Маргарита влюбилась в него с первого взгляда…

— Не верилось мне, что он меня тоже полюбил, — признавалась она. — Сначала он ездил в Свердловск, измышляя себе причины для всяческих командировок. А потом мы объяснились. Решили пожениться. Как я была счастлива!.. Олег встретил меня с двумя друзьями на вокзале, и мы поехали прямо в загс, где нас зарегистрировали. Дома (он жил на улице Герцена) мы поднялись на третий этаж, он нес меня на руках, а его друзья, улыбаясь, несли мои вещи: два чемодана — один с платьями, другой с любимыми книгами.

Дверь нам открыл незнакомый ему мужчина… В доме шел обыск. А его друзья с растерянными лицами сидели за накрытым свадебным столом и с ужасом и сочувствием смотрели на него и меня. Нас арестовали обоих.

Мне не дали статью как жене — ЧСИР (член семьи изменника Родины). Нет, мне дали самостоятельное дело. Они сказали, что брак — это нарочно, камуфляж, что я не жена вовсе, а просто соучастница, понимаешь? Какие-то троцкисты, которых я сроду не видела… Боже мой! Был суд. Олегу дали расстрел. А мне десять лет тюремного заключения. Сижу здесь третий год.

— А Олег?

— Приговор приведен в исполнение, нет больше на свете моего Олежки. А как мы могли быть счастливы… Слышишь, как кричат чайки? Наверно, к ненастью.
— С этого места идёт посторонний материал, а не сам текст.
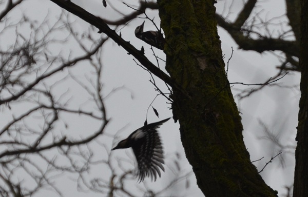 Ich erkenne Buntspechte im Flug (genau genommen: Spechte allgemein), denn sie fliegen die meiste Zeit mit angelegten Flügeln und sehen darum aus wie kleine Raketen, die sich wellenförmig durch den Wald- und Gartenluftraum bewegen. Dann stoßen sie manchmal lustige Klick-Laute aus.

Над невидимой Волгой летали и кричали чайки, а на небе сгущались грозовые тучи, а потом на землю опустилась ночь и клочок неба исчез в ночном тумане.

Было беспредельно тяжело, но в камере все же горел электрический свет, а на столике лежал томик Александра Блока.

Я развернула книгу и стала читать вслух:

И все же как ни плохо было в тюрьме, как ни тянулись тягостные дни, когда будущее представлялось черной угрюмой горой, которую ни обойти, ни перейти, — все же, повторяю, молодость брала свое. Мы много смеялись, находя повод для смеха и в прошлом, и в книгах, и даже в окружающем нас быте.